Hundreds of Sunni Muslims fled Syria's coastal town of Banias yesterday, after reports circulated that fighters loyal to President Bashar al-Assad killed dozens of people overnight. Activists claimed the killings took place two days after state forces and pro-Assad militias killed at least 50 Sunnis in the nearby village of Baida. The Syrian Observatory for Human Rights, a pro-opposition monitoring group, posted online a video showing the bodies of 10 people – half of them children. One toddler was covered in burns. Reports and videos of the killings could not be independently verified as the Syrian government restricts access for independent media.
The two-year-old uprising against Assad has been led by Syria's Sunni Muslim majority, and sectarian clashes and alleged massacres have become increasingly common in a conflict that has killed more than 70,000. Minorities such as the Alawites, an offshoot of Shia Islam, have largely stood behind Assad, who is from the Alawite sect.

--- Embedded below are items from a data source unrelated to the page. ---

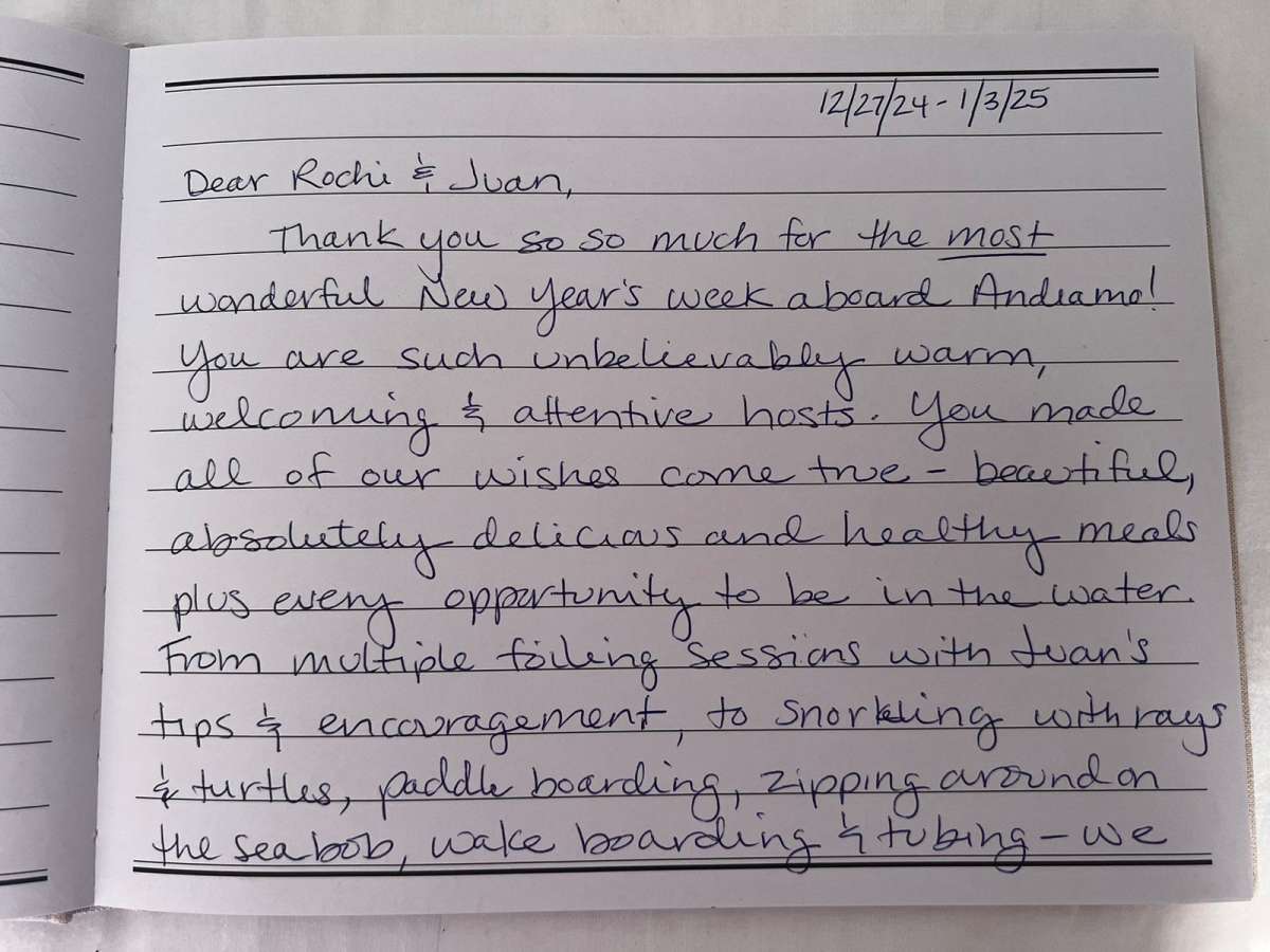 Dear Rochi & Juan,Thank you so so much for the *most wonderful New Year’s week aboard Andiamo!* You are such unbelievably warm, welcoming & attentive hosts. You made all of our wishes come true - beautiful, absolutely delicious and healthy meals plus every opportunity to be in the water. From multiple foiling sessions with Juan’s tips & encouragement, to snorkeling with rays & turtles, paddle boarding, zipping around on the sea bob, & tubing - we truly enjoyed ourselves!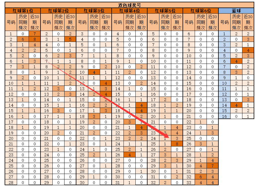 第6位,基本在24-33之间,历史同期频次最多的32;近30期,频次最多的为30,明显特征是合数优势;推荐重24-28-29-30-31-32-33。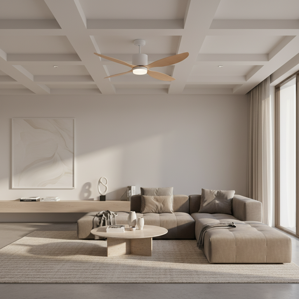 Ce lustre ventilateur moderne combine ventilation efficace et éclairage LED intégré. Son design contemporain, avec des pales effet bois, apporte une touche naturelle et chaleureuse, optimisant confort et esthétique.Caractéristiques & performances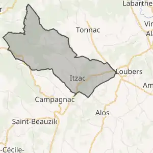 - Розташування муніципалітету Ітзак на мапі Франції та сусідні муніципалітети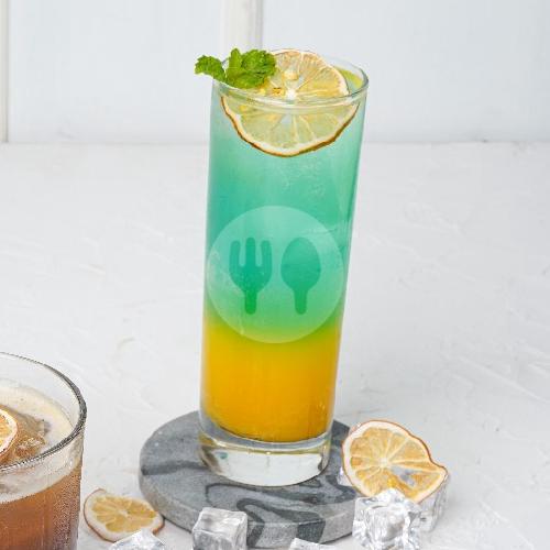 Soda Dengan Rasa Leci Dan Jeruk Dicampur Dengan Sirup Curacao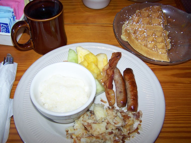 I got the breakfast buffet so I could pick and choose a few of my favorites–hash browns, fresh fruit, grits and sausage. The coffee mug was just the right size.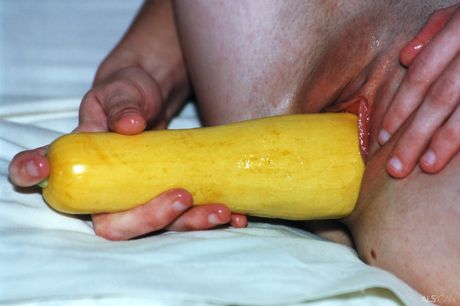 Slender teen Ashley strips and toys her shaved pussy in the kitchen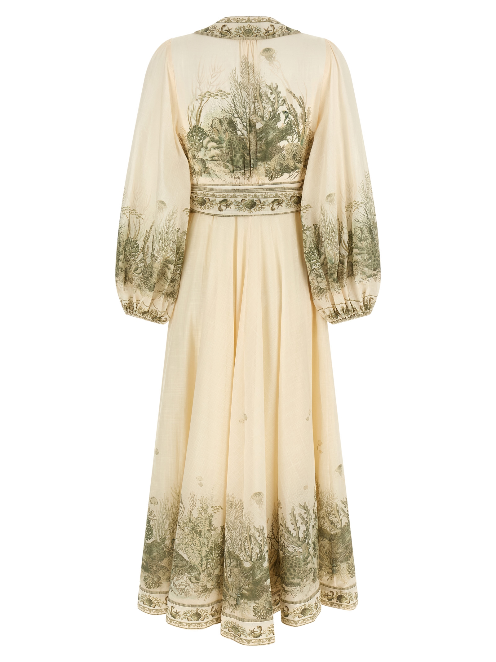 'Wanderlust Wrap Midi' all-over Toile print cotton dress, wallet style with belt to tie at the waist, deep V-neck, long puff sleeves with elastic cuffs.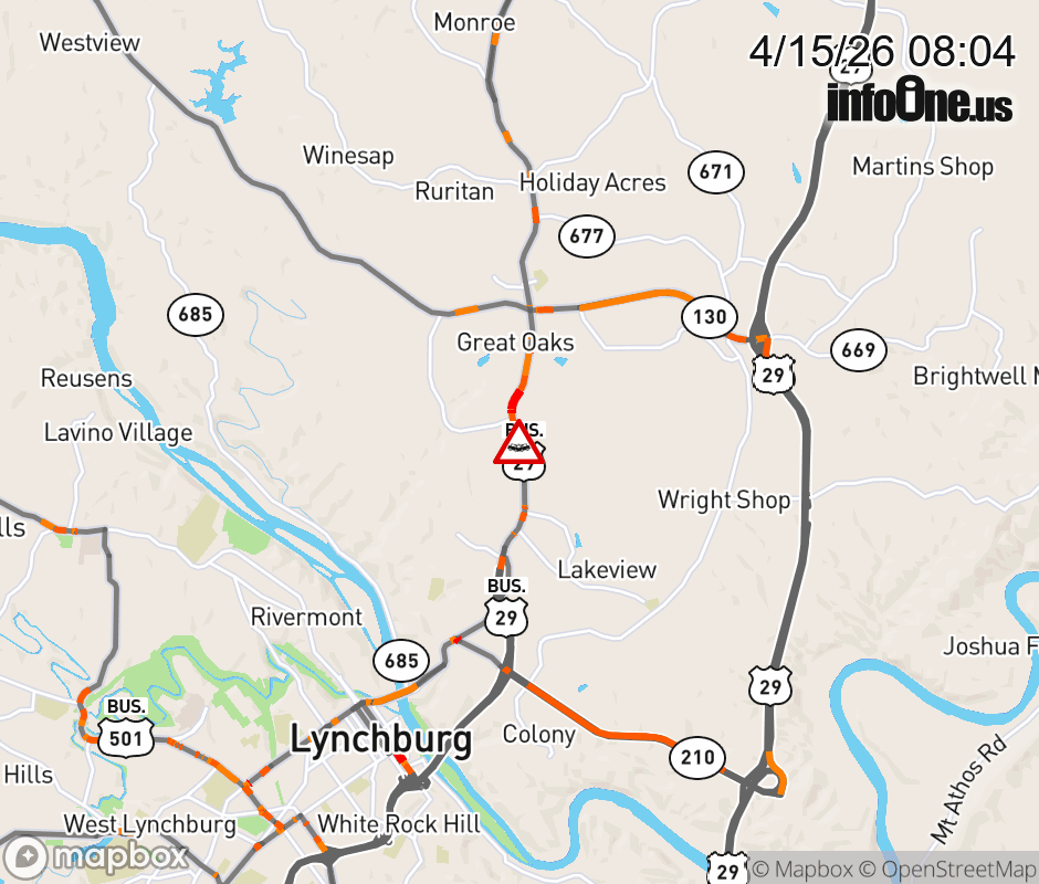 On BUS US-29 in the County of Amherst, in the vicinity of Daniels Dr; Dillard Rd; Seminole Plz; Thomas Rd; Woodvue Dr; Rt. 766N/S (Amherst County), motorists can expect delays due to a vehicle crash. The north left shoulder and left lane are closed. The south left shoulder is closed. Updated: Wed 4/15/26 8:04 AM EDT ![]() Updated: Wed 4/15/26 8:04 AM EDT |

Banias is a Sunni pocket in a large Alawite enclave on Syria's Mediterranean coast, and activists in the area accuse militias loyal to Assad of ethnic cleansing; another video posted online showed what they said were the bodies of 20 people killed in Banias, all from the same family and including women and nine children. The Observatory blamed the killings on the National Defence Force, a new paramilitary group made up mostly of fighters from minorities that back Assad.